Angles and Triangulation
Almost all sorts of navigation involves finding angles to other objects. These objects could be almost anything:
- light house
- feature in the landscape, like a mountain top or water tower
- celestial body such as the moon, the sun or a star. Most commonly the north star.
An angle requires two lines. There is a line between our measured object and ourselves, but that alone doesn’t form an angle. We need some sort of reference.
This depends entirely on what sort of angle we are measuring:
- Dip or inclination, which says something about high or low an object is. Alternatively the angle in a vertical plane.
- Azimuth or bearing, which gives us an angle in a horizontal plane.
I will refer to these angles as azimuth or dip, although within each profession or field, people use their own established conventions. Dip e.g. could be called inclination or angle of elevation depending on who you talk to. However I don’t intend to teach you the correct terminology used by a given society, but rather the principles at work.
Azimuth
If we want to find e.g. our bearing, then we are interested in the angle an object makes relative to a line going north-south.
Then we will typically use a compass, to find bearing relative to north. While the essential operation is the same, the design will differ depending on how it is used and required accuracy.
For instance on a ship, due to waves, the compass is usually attached to multiple gimbals to keep it steady.
Dip
If we want to calculate say, the distance to a lighthouse or mountain top, then we need to know how tall each is, and find the angle of elevation, between our horizon and the top of the lighthouse or mountain top. I’ll refer to this as dip.
To find these angles there are a lot of different instruments which can be used which essentially do the same thing, but which are fine tuned for particular use cases.
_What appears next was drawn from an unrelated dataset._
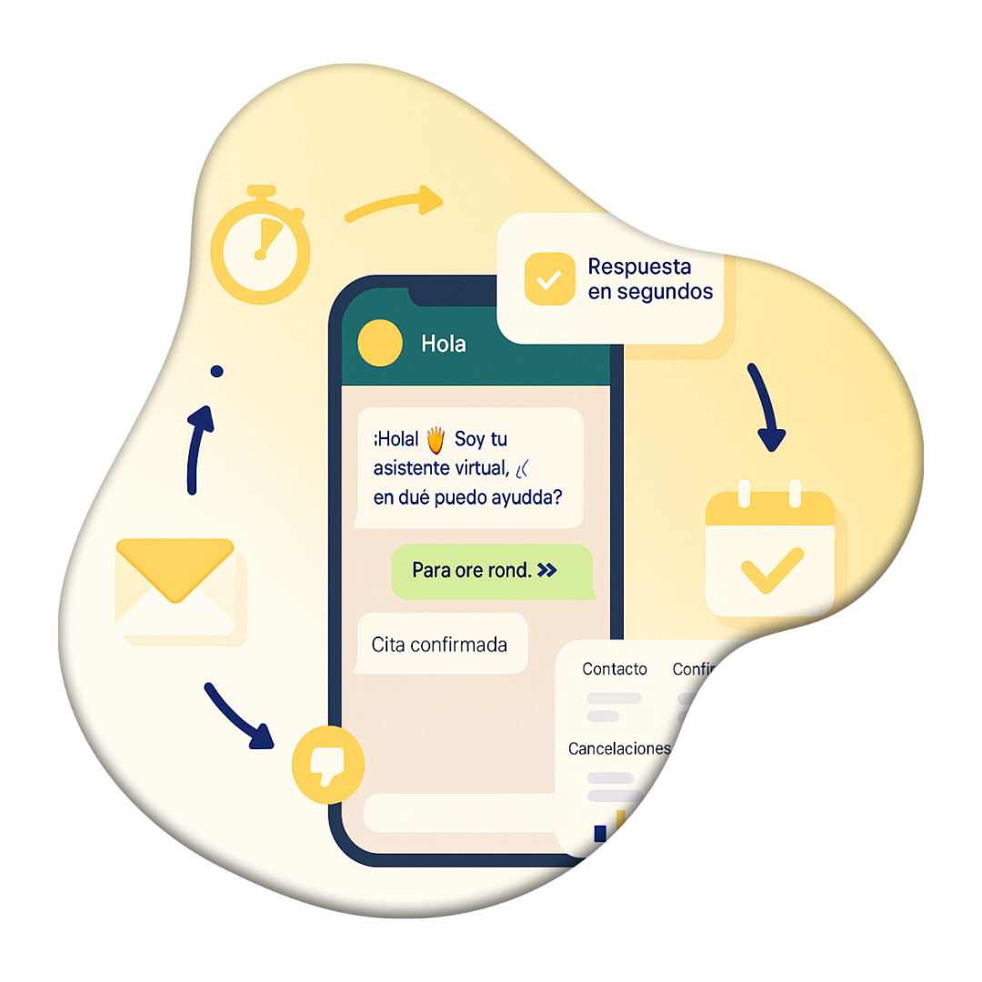Como especialistas en agentes conversacionales para clínicas, configuramos y entrenamos tus agentes para responder en segundos, confirmar y reducir citas canceladas con recordatorios. Centralizamos WhatsApp y correo electrónico, agenda y seguimiento en un solo flujo, y medimos todo (primer contacto, % de confirmación, cancelaciones y aceptación de presupuesto) para optimizar semana a semana. Implementación rápida, soporte cercano y resultados visibles desde el primer mes.

A confusing thing is that while they are similar their name is completely different.
Clinometer
The simplest of these is the clinometer or inclinometer, which measures angles relative to the nadir. The nadir is a line going through the center of the earth. So essentially the direction which gravity pulls. Hence we can this reference line by simply handing something heavy in thread or use a spirit level. A spirit level is usually used by carpenters. In contains a bubble which must be centered for something to be level.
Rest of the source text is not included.